The rise of the static site
The client-side capabilities of modern browsers have made great strides in recent years. We’ve also seen an explosion in PaaS products aimed at replacing functionality which would previously have been delivered via custom backends. It’s become more and more feasible to deliver an app as a static site, where all functionality is implemented via HTML, CSS, client-side javascript and 3rd party APIs, with no custom backend code at all.
This provides a very attractive option for building out an application without the operational complexity of deploying and managing server-side infrastructure. There are less moving parts, and operational worries become Someone Else’s Problem when you’re delivering your static site using something like Amazon S3.
Change management for static sites
With these modern capabilities, client-side apps have evolved from a set of simple static HTML pages into sophisticated single page web apps. However, change management for these static sites has not evolved at the same pace. Deploying a production change is often still done in a very unstructured way. Perhaps with a developer running through a set of manual build steps and then pushing some artifacts directly to a production S3 bucket. These type of ad-hoc processes might make sense for deploying a simple change to some static content, but for a full-fledged app they are problematic. Any production change involves manual work from one of a small set of “experts” who are able to perform the correct incantation of processes. Code changes are not always robustly tested and not always consistently applied. There’s usually no way of knowing what’s been deployed into a given environment, or when it was done so.
The case for Continuous Delivery
A decade or so ago this situation was the norm for software deployment generally. What changed in the deployment of backend systems was a move towards Continuous Delivery practices. A strong focus on automation along with the formalization of a delivery pipeline helped to solve a lot of these issues for backend code. The same ideas can be easily applied to static sites.
We can replace manual processes with automated ones, and replace poorly documented deployment steps with a declarative software delivery pipeline. In doing so we achieve a predictable, consistent deployment process which performs the exact same sequence of steps every time.
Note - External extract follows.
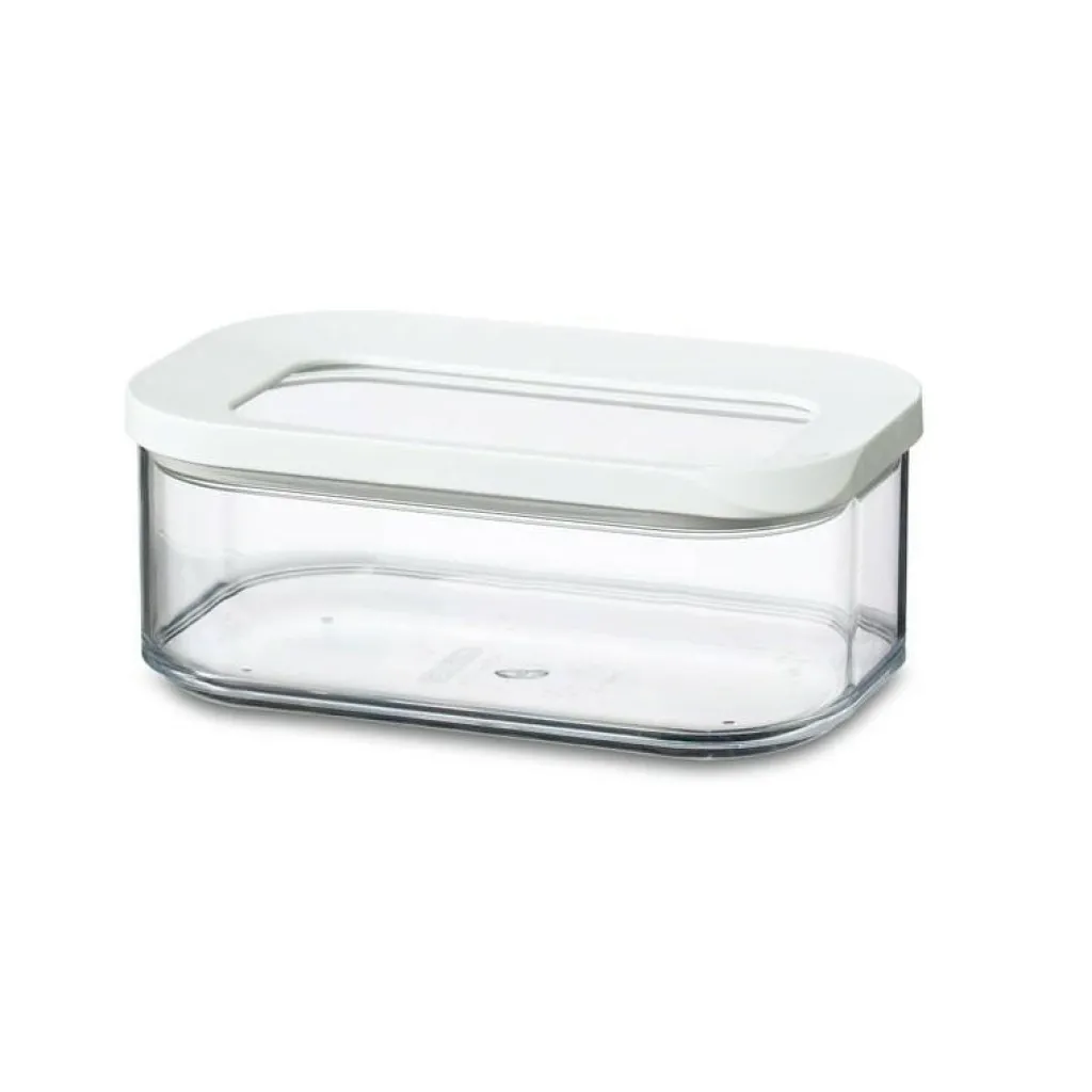 De Modula kunststof bewaardozen van Mepal zijn stapelbaar, stabiel en geschikt voor het bovenste rek van de vaatwasser. De Modula bewaardozen sluiten aroma dicht af dankzij de aparte afdichting. Deze rechthoekige voorraaddoos heeft een inhoud van 425 milliliter. Handig voor het bewaren van etenswaren. De Modula bewaardoos is bovendien vaatwasserbestendig.

We are able to test a code change in a pre-production environment with confidence that it will behave the same in our production environment. By including automated testing as part of our delivery pipeline we ensure that our changes are always tested before being deployed. By having machines perform deployment steps rather than humans we reduce the time taken to deploy and can increase the rate at which we deliver changes to our users.
Applying CD
In this post I’ll present an example of how we can do all of the above for a simple static site. We’ll build a simple but functional continuous delivery pipeline for a small single-page app hosted out of Amazon S3. We’ll end up with a fully automated deployment process which is:
- FAST: changes show up in a live environment within seconds of being pushed to master
- ROBUST: no code change can get into production without first proving its worth by passing our automated tests
- REPEATABLE: every deployment is carried out in the same way, with no room for human error
- CONSISTENT: the code we test in staging is always the exact same code that gets deployed into production
- AUDITABLE: we have a record of every deployment, courtesy of our CD tooling. We know where every change came from, courtesy of version control. There’s no way for someone to make a sneaky manual change in order to “fix” something in production.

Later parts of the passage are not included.